- _Work required_
Would you copy exactly the lines in the data below from the one that has "9 | 0,070 |" through the one that has "続いて、情報共有・全体共有の", dropping any pictures?
Start of Provided data
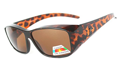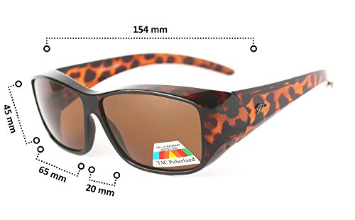 • QUALITY DESIGNER LOOK: Look stylish in these all plastic frames and lenses glasses that are designed for men or women with a trendy look; the imported GREAT PICK FIT OVER GLASSES SUNGLASSES are polarized so will keep out glare and block one hundred percent of UV rays from your eyes; the two arms that go over the ears have slip guards on each; see Description below for exact measurement of the lenses to make sure they fit over your regular to large prescription glasses;
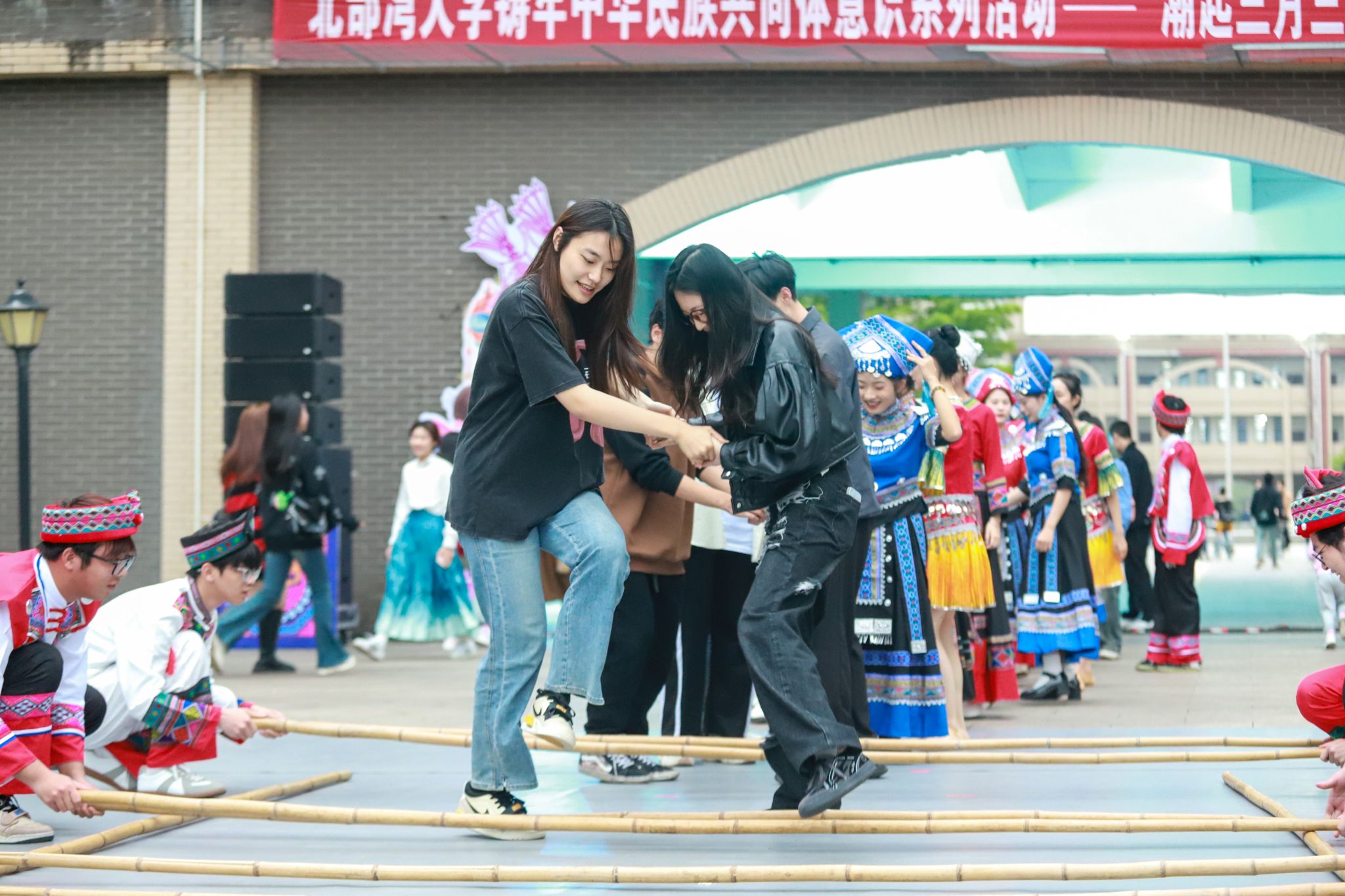 “踏平了山路唱山歌,撒开了渔网唱渔歌,唱起那牧歌牛羊多呀,多过了天上的群星座座……”4月9日,独具广西特色的《大地飞歌》唱响在湾大校园。在“广西三月三”到来之际,学校精心组织了“潮起三月三 奋进新征程”民俗游园会,丰富多彩的民俗文化体验活动和精彩的民俗文艺演出吸引了师生们驻足观看体验,校党委书记徐华蕊、校党委副书记陈磊也来到现场,和师生一同体验民俗文化、观看文艺演出。
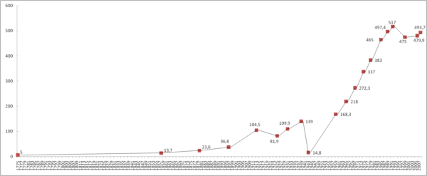 | 1991 | 4,3 | 68 | 9 | 0,070 |
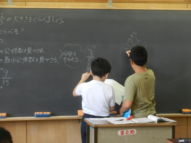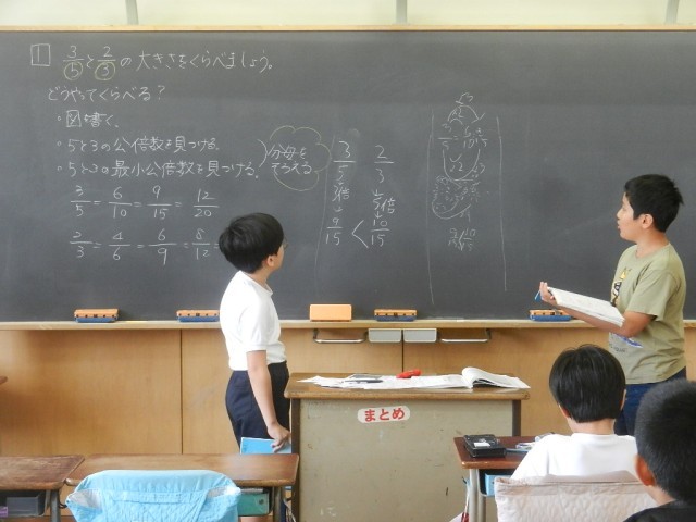 続いて、情報共有・全体共有の時間です。今回は、2名の代表者が黒板の前で説明をしました。上手です。
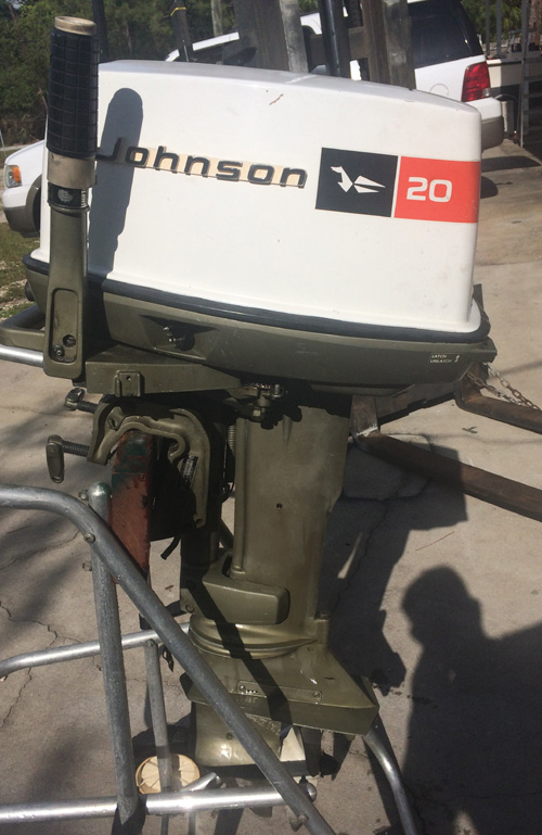 This is a great running 20 hp Johnson Outboard. This is a standard shaft "15, two-stroke, 85lbs, tiller outboard. This engine starts very quickly, has strong compression on both Cylinders, pumps water excellent, and shifts into gear smoothly. This motor has only been used on freshwater. We have boat tested this motor and it runs excellent starts on the first pull and has excellent response from the throttle......It is ready to fish!
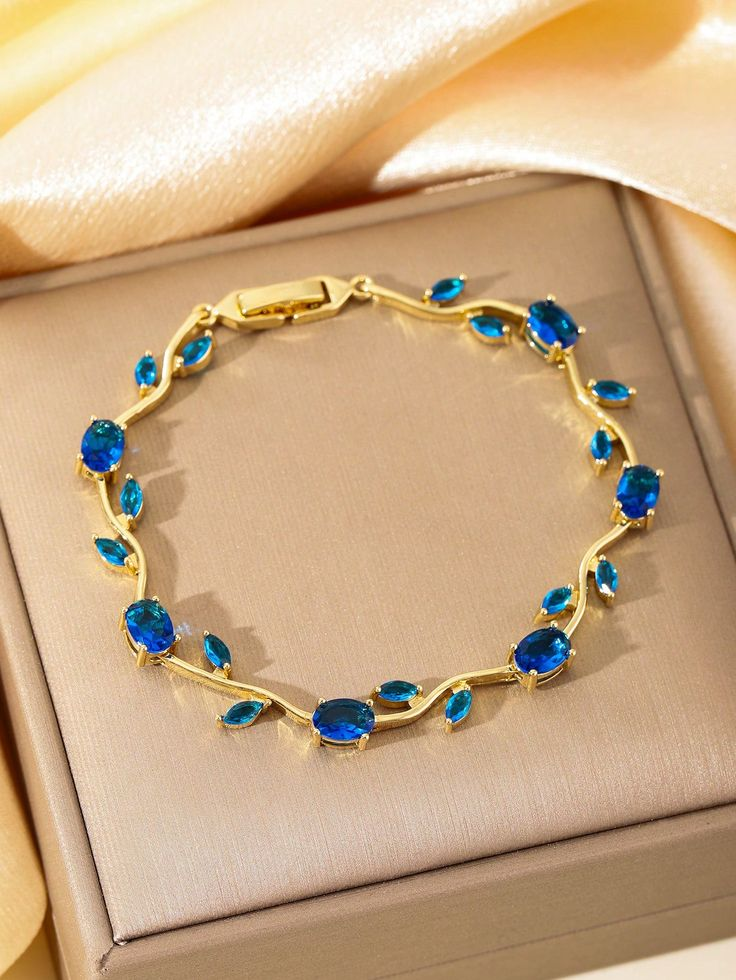 This exquisite design features a harmonious arrangement of oval-cut and marquise-cut blue sapphire-toned gemstones, gracefully set along a flowing gold-tone link structure. The rich ocean-blue stones shimmer with brilliance, creating a dynamic play of light that captures attention with every movement.
End of Provided data
- _Written response_
 | 1991 | 4,3 | 68 | 9 | 0,070 |
 続いて、情報共有・全体共有の時間です。今回は、2名の代表者が黒板の前で説明をしました。上手です。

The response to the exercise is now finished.